● **TASK DESCRIPTION**
In the entries below, begin at the line with "Anton MAHRINGER, Blaue" and stop after the line with "Reunió de bons amics"; output those lines exactly and omit the pictures.

● **DATA**
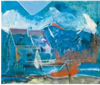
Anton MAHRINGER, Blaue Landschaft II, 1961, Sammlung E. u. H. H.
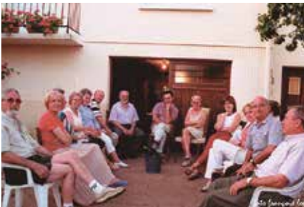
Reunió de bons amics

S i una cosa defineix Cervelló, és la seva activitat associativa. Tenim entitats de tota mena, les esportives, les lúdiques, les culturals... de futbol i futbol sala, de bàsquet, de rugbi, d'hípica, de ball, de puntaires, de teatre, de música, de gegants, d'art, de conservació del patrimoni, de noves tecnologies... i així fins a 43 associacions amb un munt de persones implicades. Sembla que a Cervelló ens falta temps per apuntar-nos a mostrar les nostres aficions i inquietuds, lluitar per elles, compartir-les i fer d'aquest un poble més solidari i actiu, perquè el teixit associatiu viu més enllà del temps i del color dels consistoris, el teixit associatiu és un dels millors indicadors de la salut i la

* * *

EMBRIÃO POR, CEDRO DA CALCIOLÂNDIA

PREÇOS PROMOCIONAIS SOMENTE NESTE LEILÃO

● **RESULT OF THE EXERCISE**
Anton MAHRINGER, Blaue Landschaft II, 1961, Sammlung E. u. H. H.
Reunió de bons amics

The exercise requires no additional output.